W nocy z soboty na niedzielę przestawimy zegarki o godzinę wstecz, wracając do czasu zimowego. Choć tej zmiany miało już nie być. Odejście od niej i wprowadzenie czasu letniego przez cały rok przewiduje projekt „czasowstrzymywacza” Polskiego Stronnictwa Ludowego, czyli o zmianie ustawy o czasie urzędowym na obszarze Rzeczypospolitej Polskiej. Został złożony na początku kwietnia, więc teoretycznie było wiele miesięcy na jego rozpatrzenie. Już wiadomo jednak, że przed najbliższą zmianą czasu Sejm z tym nie zdąży.

Reklama
Reklama

Czytaj więcej

Koniec zmiany czasu? PSL złożyło projekt ustawy

Powód? Projekt dostał numer druku sejmowego zaledwie tydzień temu, zbyt późno, by przed najbliższym weekendem mógł przejść przez całą ścieżkę legislacyjną, włączając w to prace Sejmu, Senatu i podpis prezydenta. A tak duża zwłoka związana jest głównie z tym że projekt miesiącami przeleżał w oczekiwaniu na opinię Komisji Ustawodawczej.

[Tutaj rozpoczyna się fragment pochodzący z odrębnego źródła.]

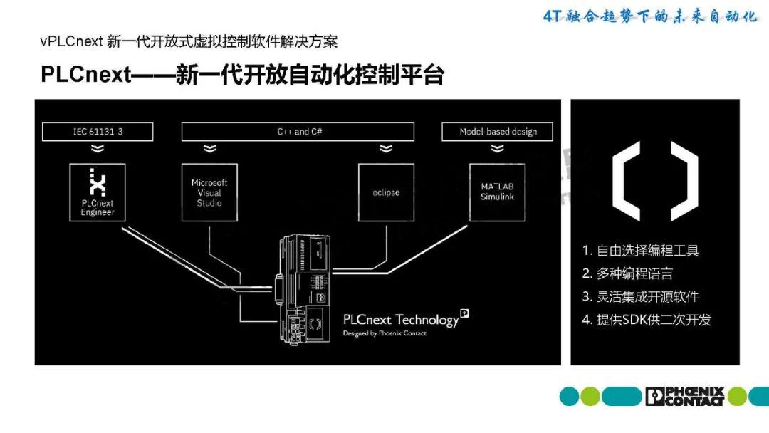 梁恩泉介紹,菲尼克斯電氣推出基于PLCnext技術的SoftPLC解決方案,突破傳統PLC硬件限制,實現虛擬化部署。該方案將PLC運行時環境(SoftPLC Runtime/eCLR)嵌入用戶硬件平臺,支持IEC 61131-3與C/C++等高級語言混合編程,并兼容工業機器人、數控機床等多場景需求。最新發布的PLCnext Virtual Control作為純軟件方案,可在通用硬件上動態創建PLC實例,實現功能靈活擴展和集中維護。該技術通過IT/OT深度融合,集成開源生態,為基礎設施、能源、工廠自動化等領域提供數字化底座,推動工業自動化進入"硬件平臺化、軟件服務化"的新階段。
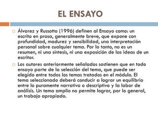 Este documento resume las características y tipos de ensayo. Define el ensayo como un escrito breve que expone una interpretación personal sobre cualquier tema de manera profunda y sensible. Explica que el ensayo debe tener una estructura libre pero organizada, un estilo elegante y exponer ideas de manera sintética. Además, presenta diferentes tipologías de ensayo según los elementos empleados en la estructura y recomendaciones para la redacción del ensayo escolar como delimitar claramente el tema, plantear un problema e
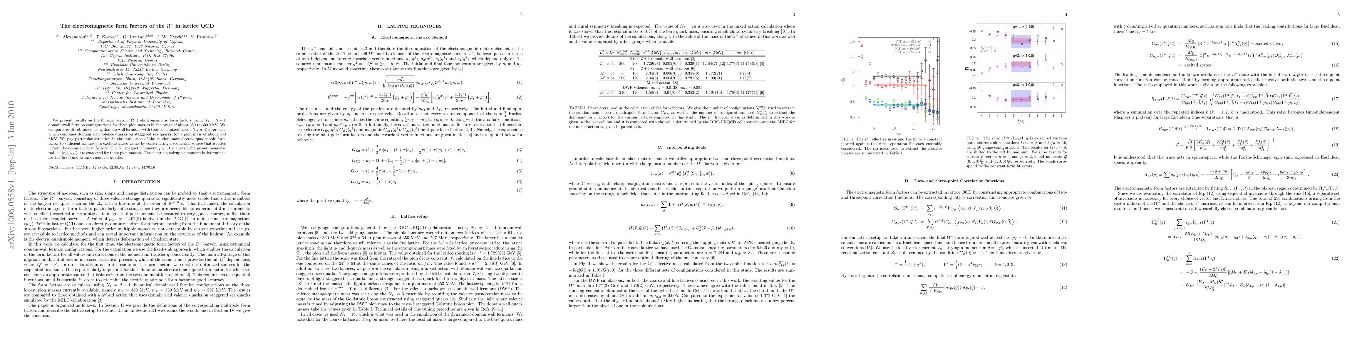 This study calculates the electromagnetic form factors of the Omega baryon using lattice QCD with $N_f=2+1$ domain-wall fermions, focusing on pion masses from 350 to 300 MeV. It compares domain wall fermion results with a mixed-action approach and determines the Omega baryon's magnetic moment, electric charge, and magnetic radius, while also measuring the electric quadrupole moment for the first time using dynamical quarks.
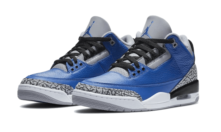 L’Air Jordan 3 Varsity Royal presenta una base in pelle blu royal arricchita dal leggendario Elephant Print sulla punta e sul tallone. Fedeli al design del modello originale, questa versione inedita รจ priva dello swoosh laterale. Elementi neri posizionati sulla suola e sul retro creano un contrasto con la maggior parte del blu apparente. Un empiรจcement in pelle grigia perforata vicino agli occhielli, i lacci neri e il Jumpman, che compongono gli elementi di branding, completano il tutto.
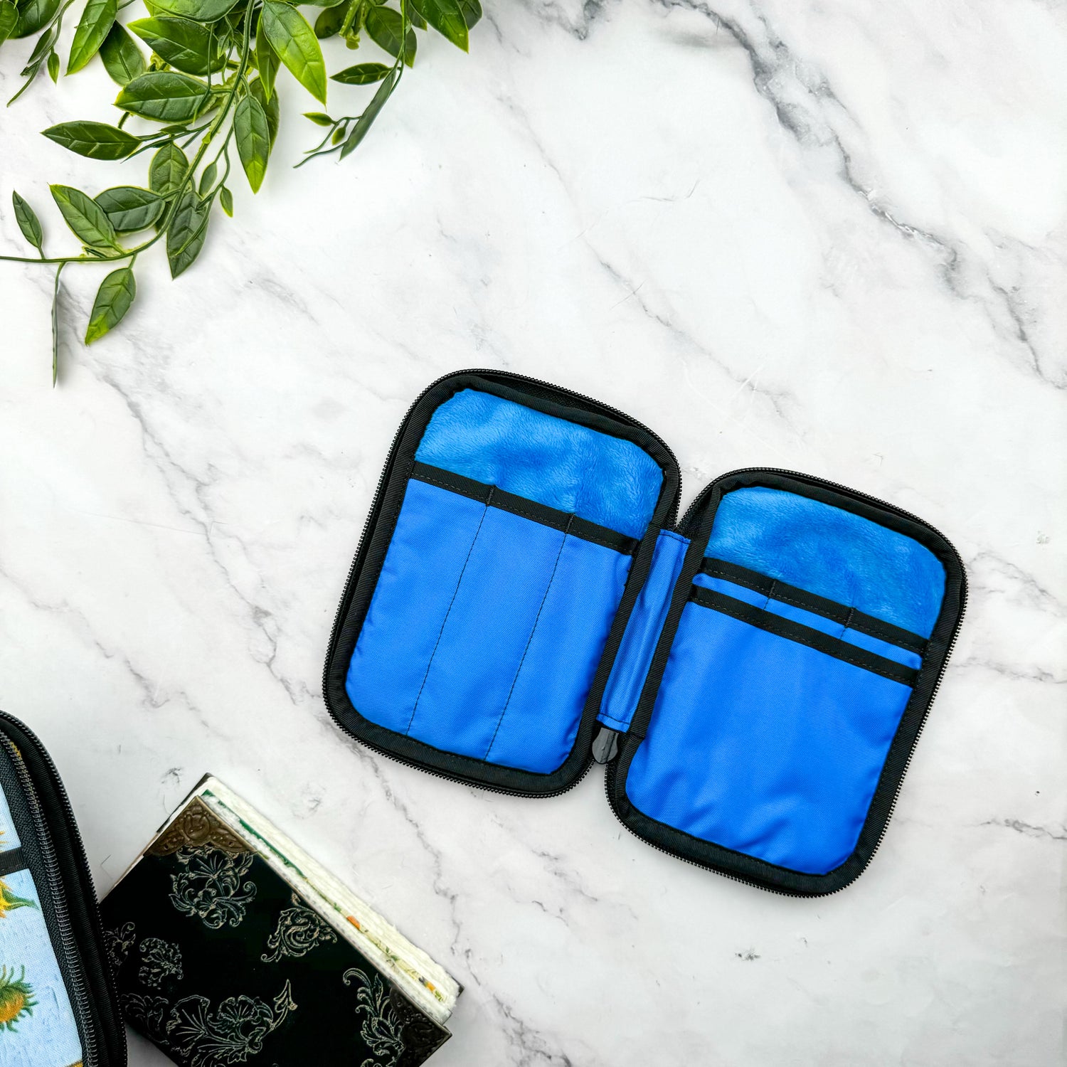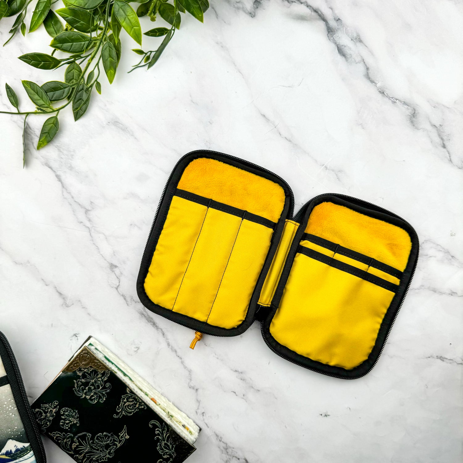 Our new Fillmore Pen Case opens like a book. The front and back panels are lightly padded, and the interior is lined with our super-soft Royal Plush lining. The Fillmore is available with two internal configurations. For the notetaker, the 3-pen version features three individual pen slots on the left side, and a full-width pocket on the right side, for stowing a pocket-size journal, plus two credit card slots. For the pen collector, the 3+3 version has three pen slots on both sides, plus a full-width slip pocket on the right side for stowing a 2-Pen Coozy (Size L, or smaller, sold separately) or a pocket notebook.
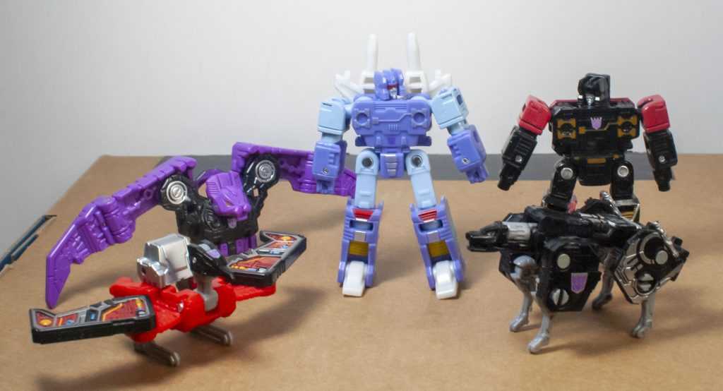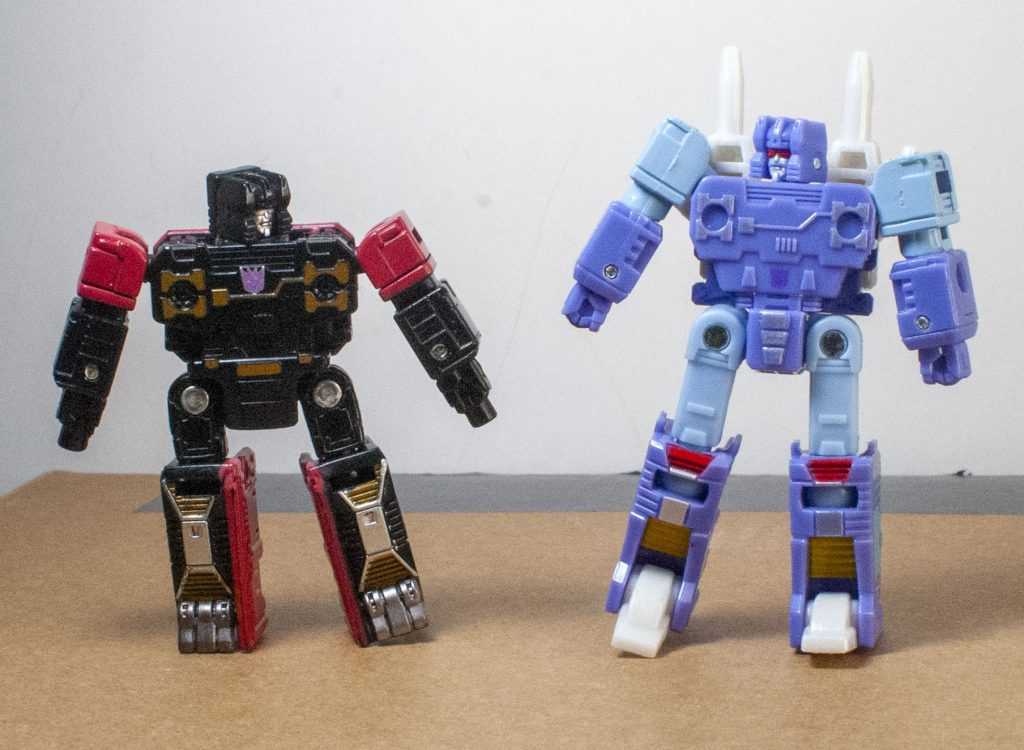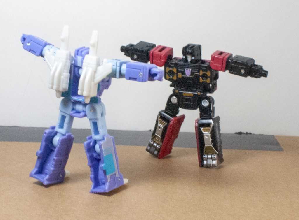 I’ll admit, though, when it comes to his scale futzing, what were they going to do, make him change into a bigger cassette that no current Soundwave could actually use? I’m wracking my brain, and the best I can come up with is HasTak having done him as new two-pack with Frenzy (red) instead of a solo figure, but then we’d have probably lost the extra accessories, at the very least. So, I’d recommend him, but only kinda-sorta, in that I think he’s good, but he’s overpriced, especially since Cores are so oddly expensive these days. And he’s so rare that you’re not likely to find him on sale, if you can find him at all. But there’s a leaked listing for an upcoming Leader-class Soundwave, which some are speculating might be the Netflix Voyager, with a big assortment of cassettes, so maybe he’ll be available there. As for me, I’m going to skip out on the Frenzy (Red) repaint that I’ve already seen on shelves, and keep the older Siege Red Rumble as my Frenzy. Them being different toolings anyway is an interesting visual.
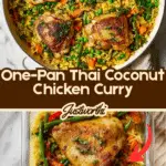 This One-Pan Thai Coconut Chicken Curry is a flavorful and easy-to-make dish featuring tender chicken thighs simmered in a fragrant coconut curry sauce with vibrant vegetables. It’s cooked in a single pan for convenience, paired perfectly with fluffy basmati rice and fresh garnishes for an authentic Thai-inspired meal.
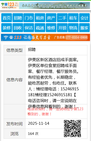 伊美区新区酒店招成手面案。伊美区单位食堂招聘成手面案、餐厅经理、餐厅服务员。有经验者优先,长期稳定,能吃苦耐劳,包吃住。联系人:褚经理电话:15246915181褚经理15246915181 【电话咨询时,请一定说明在伊春信息网看到的,谢谢!】 |

Zgodnie z regulaminem Sejmu do tej komisji kieruje się projekty, co do których istnieje wątpliwość odnośnie do zgodności z prawem, w tym z prawem Unii Europejskiej. Opiniowanie projektu nastąpiło dopiero 8 października i trwało zaledwie 12 minut, a komisja uznała projekt za dopuszczalny.

Reklama
Reklama

Nie było żadnych intencji, by ten projekt wstrzymywać 

przewodniczący Komisji Ustawodawczej Marek Ast z PiS

Dlaczego zajęła się nim tak późno? – Powodem było oczekiwanie na opinię sejmowych prawników. Nie było żadnych intencji, by ten projekt wstrzymywać – mówi przewodniczący Komisji Ustawodawczej Marek Ast z PiS.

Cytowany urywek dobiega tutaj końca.